WHAT TO DO: Using the entries that follow, report how many lines contain the word "branching". Only the number is wanted.

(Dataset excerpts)
● ● ● ●

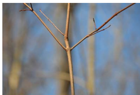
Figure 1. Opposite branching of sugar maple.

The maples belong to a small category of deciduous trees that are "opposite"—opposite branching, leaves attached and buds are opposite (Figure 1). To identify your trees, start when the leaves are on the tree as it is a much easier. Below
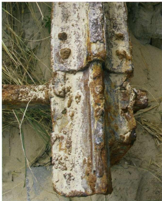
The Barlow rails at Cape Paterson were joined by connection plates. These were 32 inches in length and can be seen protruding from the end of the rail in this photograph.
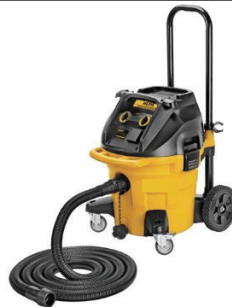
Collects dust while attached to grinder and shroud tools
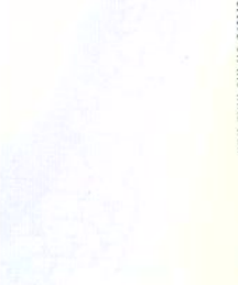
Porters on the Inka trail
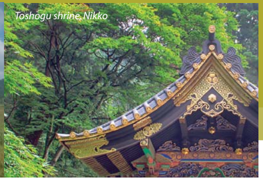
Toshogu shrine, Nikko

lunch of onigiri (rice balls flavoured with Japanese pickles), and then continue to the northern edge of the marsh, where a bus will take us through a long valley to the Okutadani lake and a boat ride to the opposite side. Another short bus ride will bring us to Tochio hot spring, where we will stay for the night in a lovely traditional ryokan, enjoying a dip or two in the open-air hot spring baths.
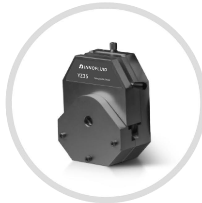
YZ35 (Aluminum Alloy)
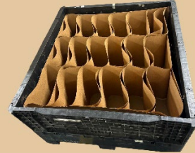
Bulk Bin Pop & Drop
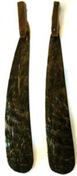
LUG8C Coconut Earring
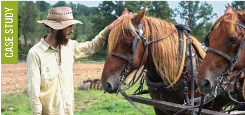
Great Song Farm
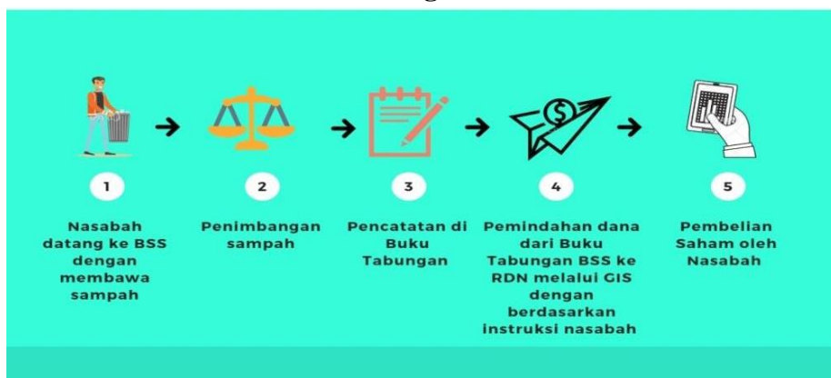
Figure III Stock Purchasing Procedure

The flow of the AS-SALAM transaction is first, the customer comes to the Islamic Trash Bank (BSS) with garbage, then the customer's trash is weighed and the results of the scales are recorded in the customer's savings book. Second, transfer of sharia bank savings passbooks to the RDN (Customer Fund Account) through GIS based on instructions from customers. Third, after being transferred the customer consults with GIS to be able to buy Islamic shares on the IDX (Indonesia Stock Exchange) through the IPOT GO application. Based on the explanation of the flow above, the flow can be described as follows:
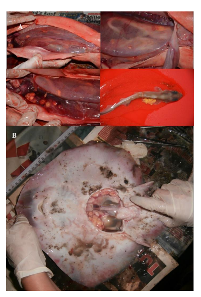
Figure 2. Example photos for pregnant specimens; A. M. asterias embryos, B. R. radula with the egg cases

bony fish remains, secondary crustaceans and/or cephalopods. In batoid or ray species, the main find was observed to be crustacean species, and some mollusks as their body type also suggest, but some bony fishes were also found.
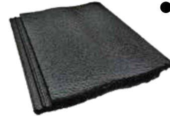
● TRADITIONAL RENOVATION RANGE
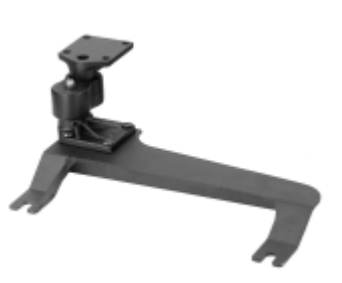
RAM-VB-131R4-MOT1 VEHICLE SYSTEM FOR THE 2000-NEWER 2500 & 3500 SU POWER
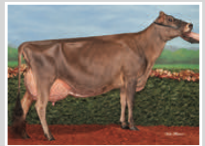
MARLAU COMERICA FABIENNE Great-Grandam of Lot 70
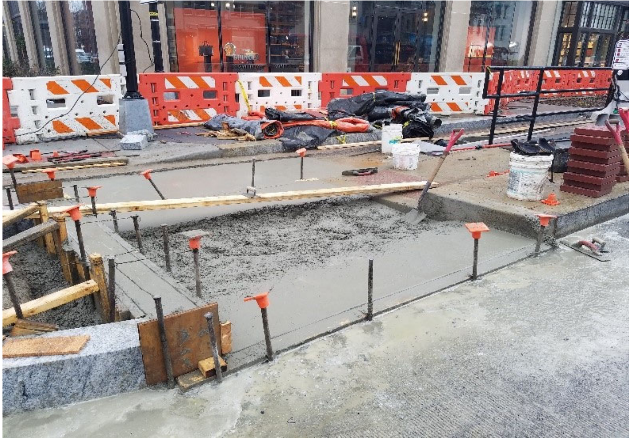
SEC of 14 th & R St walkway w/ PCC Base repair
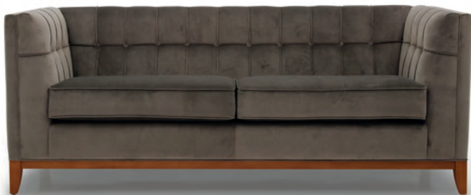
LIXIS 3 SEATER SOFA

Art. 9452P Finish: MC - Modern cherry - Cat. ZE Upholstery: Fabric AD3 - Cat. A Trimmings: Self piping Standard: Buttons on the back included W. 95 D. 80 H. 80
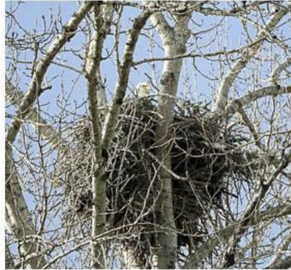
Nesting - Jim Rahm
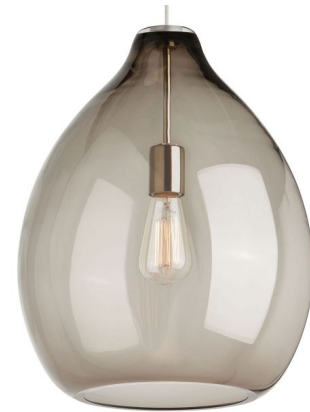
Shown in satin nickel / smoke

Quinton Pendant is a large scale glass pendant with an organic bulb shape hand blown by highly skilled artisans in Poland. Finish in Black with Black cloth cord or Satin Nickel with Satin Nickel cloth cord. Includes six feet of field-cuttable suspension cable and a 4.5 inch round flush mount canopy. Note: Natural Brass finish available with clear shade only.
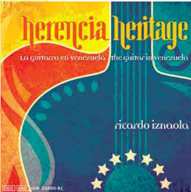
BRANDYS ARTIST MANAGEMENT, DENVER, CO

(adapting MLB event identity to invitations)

● ● ● ●

RESPONSE TO THIS TASK: 2